The danger she transmitted was visual, and he felt its strength. But she said nothing.
“Later,” he mumbled. “When it gets dark.”
They finished the oranges and edged their wa
y through the crowds of the bazaar. He bought them some helpings of steaming ful from a yellow-toothed street vendor, who spooned the mash of beans, rice, and lentils into a large circular bread loaf. They ate it as they walked. The bazaar thinned and they passed the old Mamluk tombs to the high stone walls of the Citadel built by Saladin. Climbing the hill, they entered the Citadel itself in which Muhammad Ali, in a fit of devout megalomania, had built his incredible mosque.
He purchased two tickets and they entered the huge courtyard, moving to the stone balustrade that surrounded it. Below them, from this highest vantage point in the city, they could see Cairo simmering in the heat and smog. Miraculously, in the distance, the Pyramids of Giza caught the sun’s spangles.
“Makes you feel like the most inconsequential speck of bacteria,” he said.
She looked at him, uncomprehending. He turned toward the high dome of the mosque, recalling the Allah occasionally invoked by his mother. Praise to Allah. He recalled her voice. Why praise? he wondered, turning again to view the umber city in its dusty halo.

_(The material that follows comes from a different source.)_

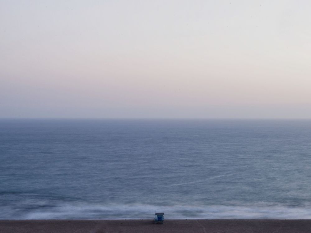 A lifeguard tower stands alone overlooking the Pacific Ocean during sunset.

A group of squeaky clean Japanese tourists led by a guide holding a little Japanese flag stopped by what looked like a well not far from where they stood.
“Allah,” the guide yelled down into the well. “Allah,” the voice came back in a booming echo.
“There’s your Allah,” Si said to Abdel. “An echo.”
Abdel looked at him curiously. She turned to watch the city. He observed her. A breeze had caught a loose curl and he could see, clearly, the feminine outlines of her face, a visage that she had, so assiduously, tried to hide. She must have felt the penetrating observation, turning away to hide her face.
Sound suddenly exploded from the minarets, a clarion, it seemed, announcing the falling sun.
“There is no god but god. Come to prayer. Come to salvation,” a scratchy loudspeaker voice intoned in Arabic.
They watched the spangles on the minarets grow orange. Crowds of the faithful began to enter the mosque.
“I must go back now,” he said, adding quickly, “I think I can find my way.” He was trying to pry her away gently.